Subject: Re: make update hell
To: Nathan J. Williams <nathanw@wasabisystems.com>
From: Alistair Crooks <agc@pkgsrc.org>
List: tech-pkg
Date: 10/15/2004 23:27:04
On Fri, Oct 15, 2004 at 06:13:48PM -0400, Nathan J. Williams wrote:
> Alistair Crooks <agc@pkgsrc.org> writes:
> 
> > Having said all that about the holistic view, I also believe that
> > package views work perfectly with shared libraries - in fact, that's
> > one area in which I believe they excel.
> 
> pkgviews seems like a decent mechanism for having libfoo1.2 and
> libfoo1.3, but much of the complaint I see in this thread is packages
> demanding libfoo1.3 when they don't need it. In that respect, pkgview
> will make things nicer, but only by papering over the underlying
> problem.

If you mean that the underlying problem is the SONAME that's burned
into the ELF executable using the major version, I'm not sure there's
much that can be done without defining a new linking format, and
migrating everyone (not just NetBSD) to that.  Not that I'd stop in
anyone's way if they did that, but I've enough grey hairs already, and
will be probably have turned up my toes when the ffs clocks roll over.

If you're talking about the open-ended dependency problem in pkgsrc, I
thought we'd fixed that for binary packages when we added the @blddep
stuff to pkg_add, but I see that others are less enamoured with that
recently (although I don't really understand what they're complaining
about).  If it's the open-ended dependency problem when building from
source, well, yes, that's a problem, mitigated by the various
RECOMMENDED defs that we've added.

We've started to record the shared lib "PROVIDES" and "REQUIRES" now
in binary packages, so maybe we can look to use that, and trust to
everyone being good citizens when changing ABIs and major numbers.

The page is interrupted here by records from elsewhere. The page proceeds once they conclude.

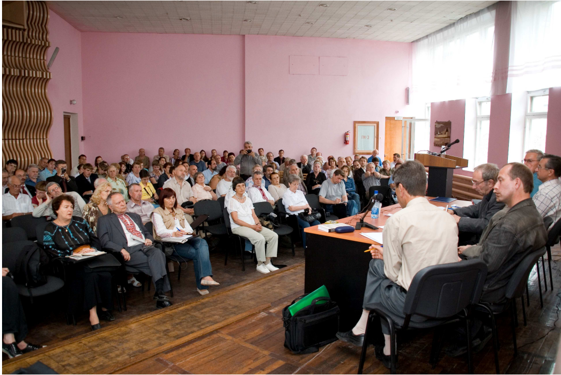
Українська делегація на конференції російського товариства "Меморіал", м. Медвежогорськ.

Незважаючи на сувору північну природу, здавна місцевий люд виношував судження про будівництво Онезько-Біломорського водяного сполучення, але далі розвідок справа не поспішала. Одвічна потреба розширення шляхів сполучення на неосяжних теренах країни, пов'язана з прісною державною казною нещодавно створеної радянської держави, змусила Раду Праці та Оборони СРСР 19 лютого 1930 р. вирішувати питання про реконструкцію та раціоналізацію морського і річкового транспорту. Записка до уряду, опрацьована на дореволюційних проектах Біломорсько-Балтійського водяного доступу, виявилася більш переконливою. Було затверджене таємне Положення про Особливий Комітет щодо його побудови з розширеними правами і загальним терміном будівництва в три роки. Спочатку будовою керував Наркомат шляхів сполучення. Та невилазна тайга, відсутність належного постачання, нестаток кадрів призвели до того, що підтримка будівництва все більше здійснювалася силами головополітуправління, а з листопада 1931 р. ОДПУ й керувало забудовою. От так і витворилася ця змичка, яка з часом пройнялася репресивним жахом. Допроводжувало "будкадри" Управління Соловецьких таборів особливого призначення (за рос. скороченням – УСЛОН),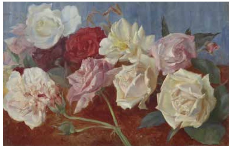
Fernando AMARIKA (Gasteiz, 1866 – 1956) Arrosak , 1895

Paradisuko fruituak, loreen eta lorategien margolaritza Arabako Arte Ederren Museoan erakusketaren bidez, loreen eta lorategien irudikapenera hurbildu ahal izango gara, museo honetako funtsetan dauden obra asko erabiliz horretarako. Hura aitzakia hartuta, mundu sentikor horretara iristeko ahalegina egin nahi izan dugu; hain zuzen ere, naturarekin eta gizakiarekin zuzenean lotuta dagoen mundu sentikor horretara, bai loreek bai lorategiek miremena sorrarazi digute eta, gure zentzumenendako edergarri izan baitira.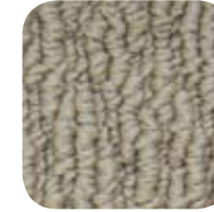
2280 Ginger 2280 Gingembre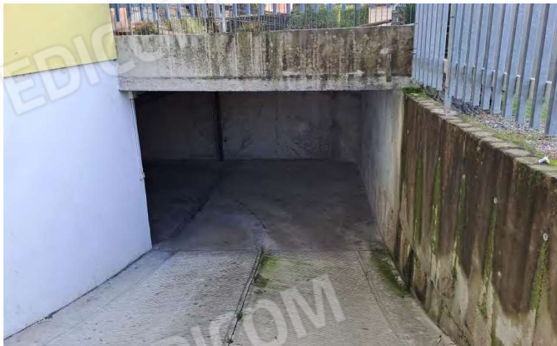
Viste del corsello comune e rampa di accesso alle autorimesse e stato di degrado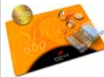
Zahlmatte / pay mat AXOSpeed 600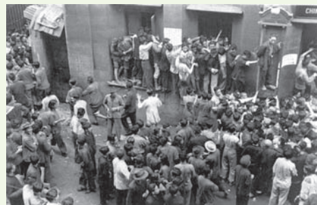
▲圖 2-2 1949年中共進攻上海前夕，民眾爭相湧入上海火車站售票處情景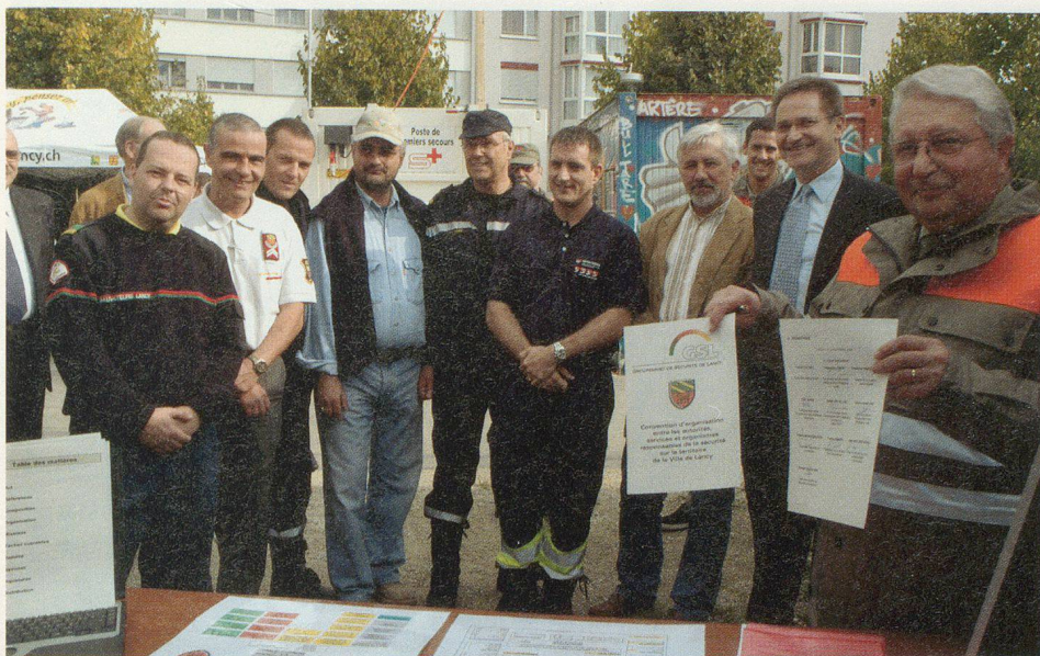
Tous les acteurs de la nouvelle convention liant les intervenants de la Sécurité de la ville de Lancy.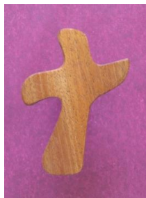
Bedekors. Bestilt til forbøn..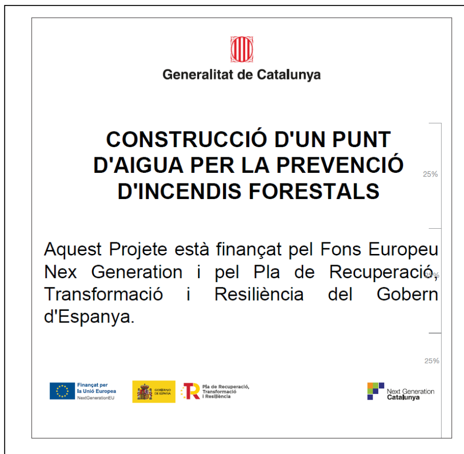
Imatge 9: Cartell permanent

El cartell serà fabricat amb compòsit de grandària de 250*250 mm. El model i la simbologia es mostren a la imatge

And package views make it easier to use different versions of the
shared libraries, since deleting a package from the default view is
simply a removal of a symlink farm.  The package stays where it is, in
the depot, and there's nothing to worry about; the link farm can
easily be recreated if desired.  Binary package maintenance becomes
very cheap.

What do you see as being the underlying problem?